Every line from the start of the entries up to and including the one bearing "適度なハリ感とナチュラルなシワ感を併せ持つ素材で仕立てたタックパンツ。" must be printed verbatim, without the pictures.

MATERIALS PROVIDED -

****************************************

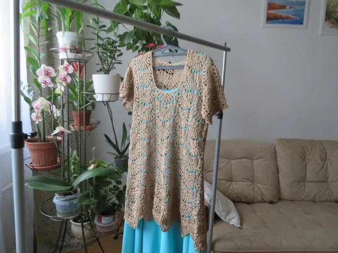Связала кофточку. Пряжа оставалась и захотелось довязать до платья. Но... И так часто бывает, не хватило одного моточка пряжи. И докупить не получилось. Поэтому получилась туника. Пряжа прекрасная. Семеновская хлопок с вискозой, Она мне очень нравится.
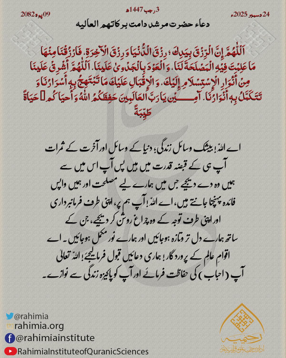 اَلْلّٰهُمَّ إِنَّ الْرِّزْقَ بِیَدِكَ ؛ رِزْقَ الْدُّنْیَا وَ رِزْقَ الْآخِرَةِ، فَارْزُقْنَا مِنْھَا مَا عَلِمْتَ فِیْهِ الْمَصْلَحَةَ لَنَا، وَ الْعَوْدَ بِالْجَدْویٰ عَلَینَا. اَلْلّٰهُمَّ أَشْرِقْ عَلَینَ…
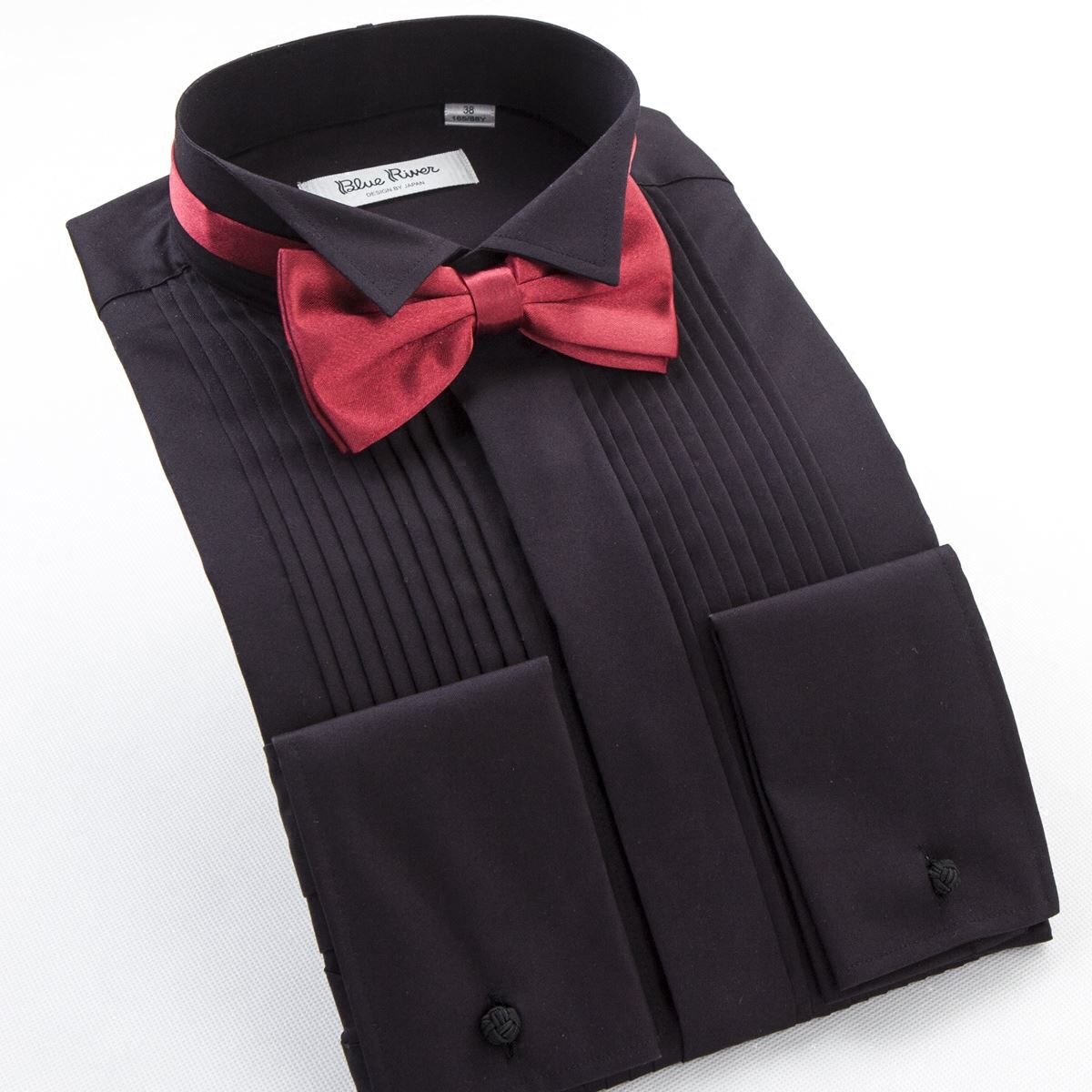 / 黑色演出襯衫禮服燕子領結新郎結婚禮服高支棉男士長袖袖扣白襯衣
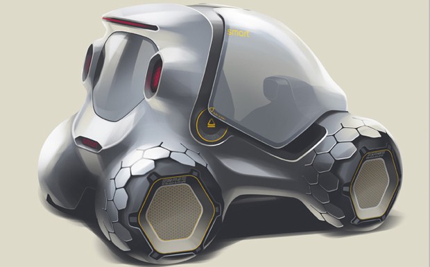 Zum Einparken kann der flexible Smart dank sechseckiger Radabdeckungen und mit Saugnäpfen versehenen Rädern auf den Kopf gestellt werden. Außerdem erinnert der deutsche Zwerg ein wenig an die Fähigkeiten des Comic-Helden Spider-Man: Der Wagen kann nicht nur fahren, sondern auch fliegen und senkrechte Wolkenkratzer-Wände hinaufkraxeln.
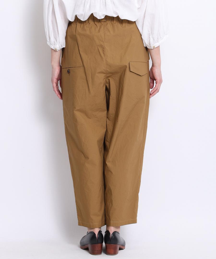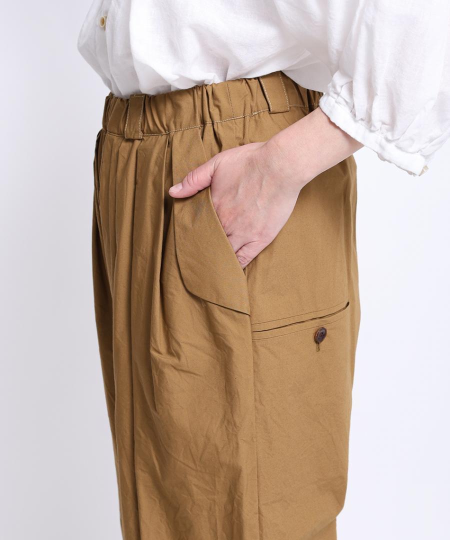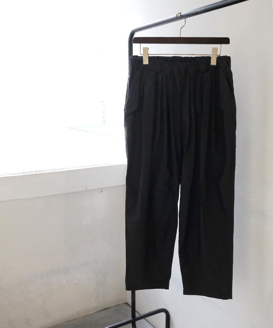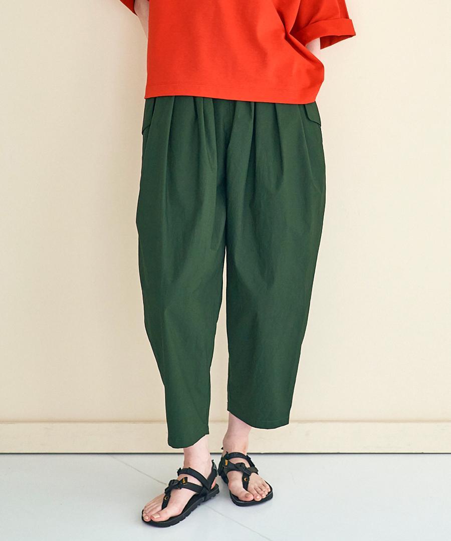 適度なハリ感とナチュラルなシワ感を併せ持つ素材で仕立てたタックパンツ。
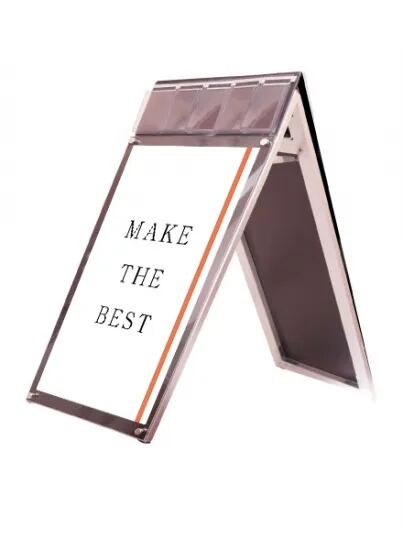 お洒落な雰囲気にも合うA4三つ折りパンフレット用ケースが付いたスタンド看板
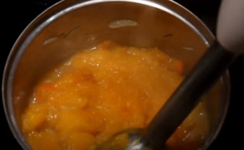 Дайте страві закипіти, вимкніть конфорку. За допомогою блендера перетворите вміст в пюре.
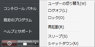 開いているプログラムをすべて終了し、ログオン画面が表示されます。作業を終了し、次のユーザーと交代する場合などに適しています。 |
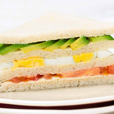 Sándwiches preparados al momento huevo duro, palta y tomate.
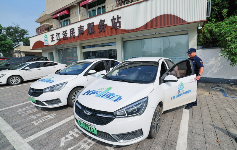 在浙江省嘉兴市秀洲区王江泾 镇民声服务站,“民声一键办”队 员接到报警后,第一时间驾车准备 出发(2024 年 9 月 4 日摄) 徐昱摄 / 本刊
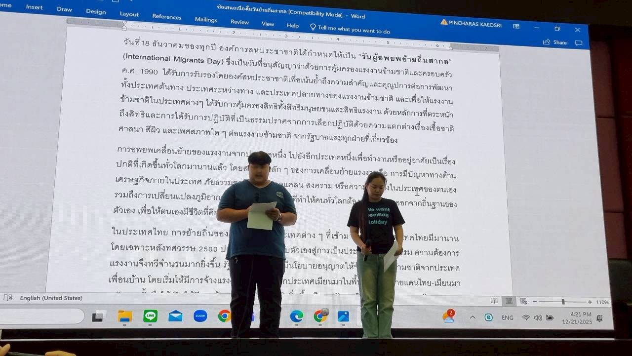 เมื่อวันที่ 21 ธันวาคม 2568 เครือข่ายแรงงานภาคเหนือได้จัด กิจกรรมเนื่องในวันแรงงานข้ามชาติสากล ในธีม "Mixed Migration : คนย้ายถิ่นก็ฅนเท่ากัน เราต้องไม่เลือกปฏิบัติต่อผู้ย้ายถิ่น" ณ ห้องประชุมคณะนิติศาสตร์ มหาวิทยาลัยเชียงใหม่
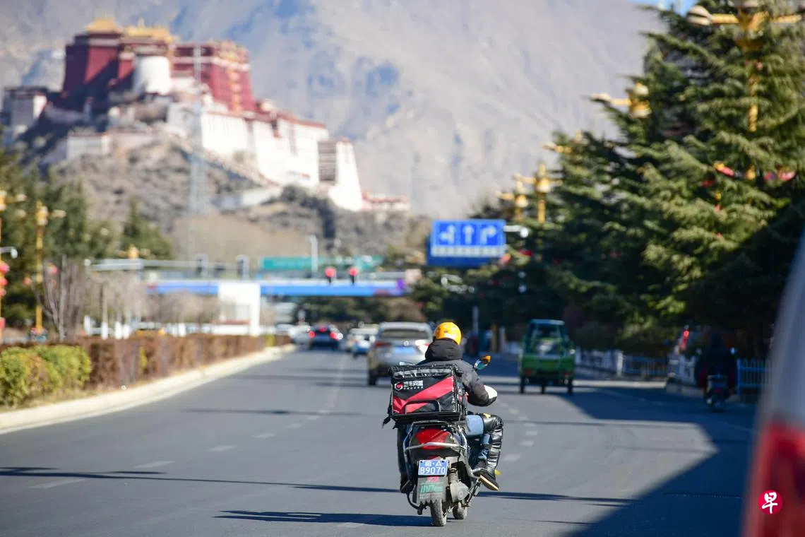 12月20日西藏拉萨一名骑手在配送外卖。(中新社)
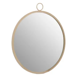 This wall mirror has round gold finish frame with clean contours bending around the centre mirror. The decorative ring at the top gives this mirror a modern look popular with interior designers.
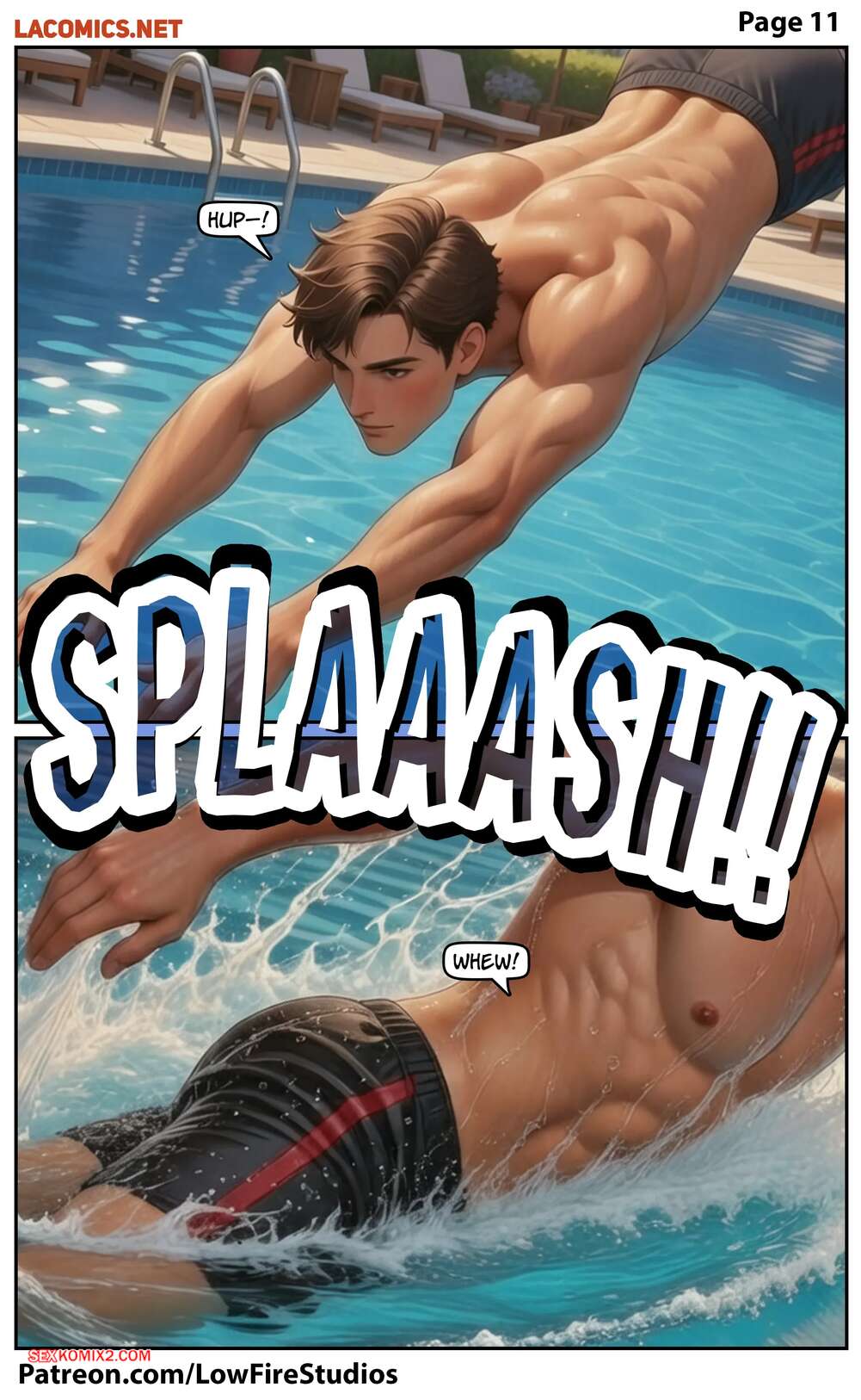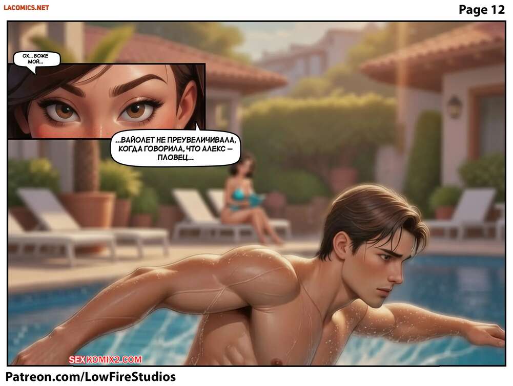 Порно комикс Суперсемейка. Слишком глубоко. Часть 1. A Dip Too Far. LowFireStudios Горячая милфа купалась в бассейне и привлекла внимание парня своей дочери. Он решил воспользоваться моментом наедине с красоткой и стал ласкать ее язычком, возбуждая мамку девушки.
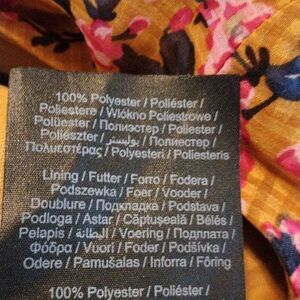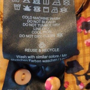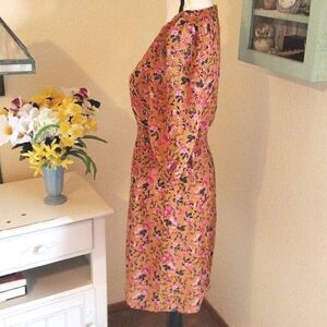 Fall colors in a lightweight semi sheer fabric over a full lining. Floral over a plaid background. V neck in front, keyhole in back. Med. length sleeves with covered buttons. Elastic shirring at side waist. Size XS measures 34 at chest, 26-34 at waist, 40 at hips (lining), 36 long from shoulder to hem. So pretty, I love theses colors.
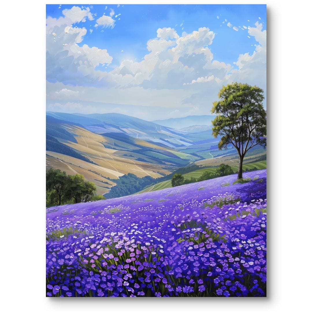 Obraz na płótnie ukazuje malowniczy krajobraz rozległej, fioletowej łąki udekorowanej dzikimi kwiatami. W tle majestatycznie rozpościerają się łagodne wzgórza i majestatyczne góry, nad którymi króluje błękitne niebo z puszystymi białymi chmurami. Kompozycję dopełniają spokojnie stojące drzewa, nadając całemu pejzażowi wyjątkową harmonię i naturalność.

****************************************

YOUR SOLUTION -
Связала кофточку. Пряжа оставалась и захотелось довязать до платья. Но... И так часто бывает, не хватило одного моточка пряжи. И докупить не получилось. Поэтому получилась туника. Пряжа прекрасная. Семеновская хлопок с вискозой, Она мне очень нравится.
 اَلْلّٰهُمَّ إِنَّ الْرِّزْقَ بِیَدِكَ ؛ رِزْقَ الْدُّنْیَا وَ رِزْقَ الْآخِرَةِ، فَارْزُقْنَا مِنْھَا مَا عَلِمْتَ فِیْهِ الْمَصْلَحَةَ لَنَا، وَ الْعَوْدَ بِالْجَدْویٰ عَلَینَا. اَلْلّٰهُمَّ أَشْرِقْ عَلَینَ…
 / 黑色演出襯衫禮服燕子領結新郎結婚禮服高支棉男士長袖袖扣白襯衣
 Zum Einparken kann der flexible Smart dank sechseckiger Radabdeckungen und mit Saugnäpfen versehenen Rädern auf den Kopf gestellt werden. Außerdem erinnert der deutsche Zwerg ein wenig an die Fähigkeiten des Comic-Helden Spider-Man: Der Wagen kann nicht nur fahren, sondern auch fliegen und senkrechte Wolkenkratzer-Wände hinaufkraxeln.
 適度なハリ感とナチュラルなシワ感を併せ持つ素材で仕立てたタックパンツ。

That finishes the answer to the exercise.